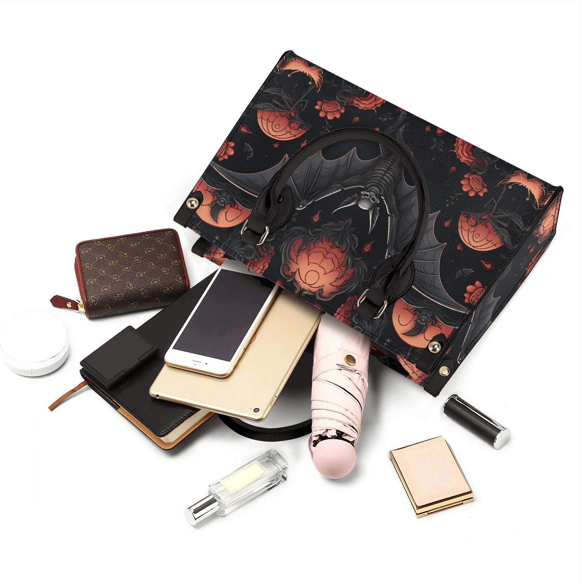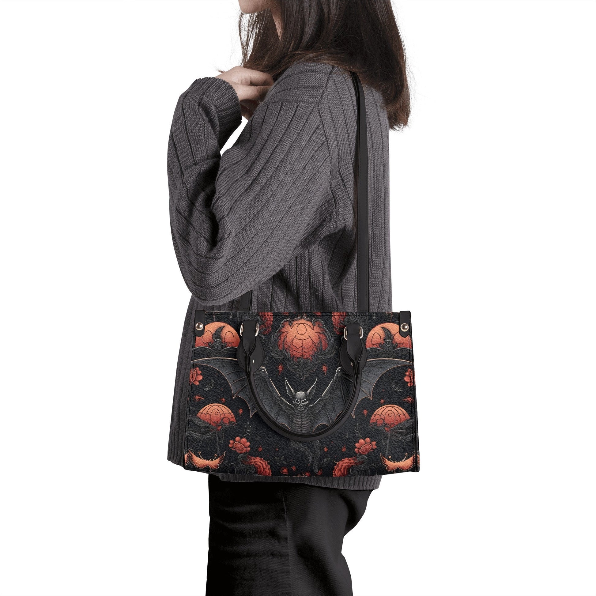 Halloween Bat Vegan Leather Bag, Horror Leather Bag, Dark Scoopy Halloween Dark Academia Handbag, Black Top Handle Bag, Gift For Halloween
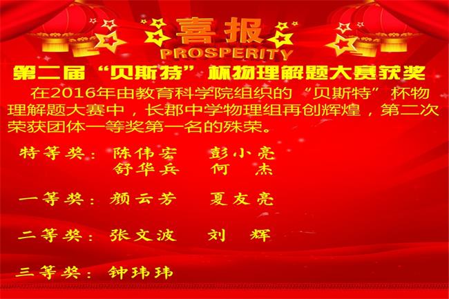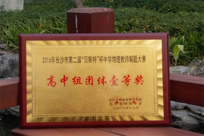 2016年第二届两年一度的“贝斯特”杯物理解题大赛在长沙市湘一芙蓉中学如期举行,来自长沙各初高中学均派出了自己的参赛队伍。12月24日,参赛者成绩得以公布。长郡中学战果斐然,特等奖名额12人,长郡中学独占4人。此外还包含一等奖2人、二等奖2人、三等奖1人,团体总分遥遥领先。继上一届“贝斯特”杯团体一等奖第一名之后再一次获得此殊荣。
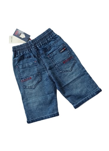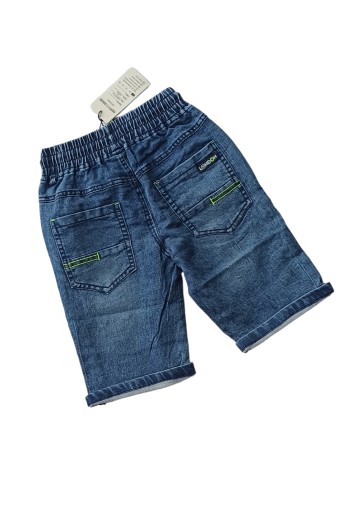 Дуже зручні короткі джинсові шорти. Для надягання - еластичний пояс і додаткова зав'язка. Спереду прорізні кишені, ззаду накладні кишені. Модні потертості.
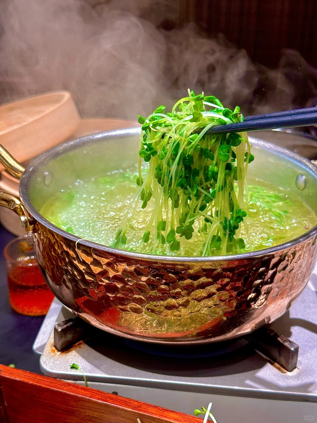 鸡汤萝卜苗:清新鲜美,为这顿盛宴添上一抹温柔,清爽解腻,平衡口感!

- REQUIRED ACTION:
Write the material out again exactly. Skip each picture.

- EXPECTED ANSWER:
 Halloween Bat Vegan Leather Bag, Horror Leather Bag, Dark Scoopy Halloween Dark Academia Handbag, Black Top Handle Bag, Gift For Halloween
 2016年第二届两年一度的“贝斯特”杯物理解题大赛在长沙市湘一芙蓉中学如期举行,来自长沙各初高中学均派出了自己的参赛队伍。12月24日,参赛者成绩得以公布。长郡中学战果斐然,特等奖名额12人,长郡中学独占4人。此外还包含一等奖2人、二等奖2人、三等奖1人,团体总分遥遥领先。继上一届“贝斯特”杯团体一等奖第一名之后再一次获得此殊荣。
 Дуже зручні короткі джинсові шорти. Для надягання - еластичний пояс і додаткова зав'язка. Спереду прорізні кишені, ззаду накладні кишені. Модні потертості.
 鸡汤萝卜苗:清新鲜美,为这顿盛宴添上一抹温柔,清爽解腻,平衡口感!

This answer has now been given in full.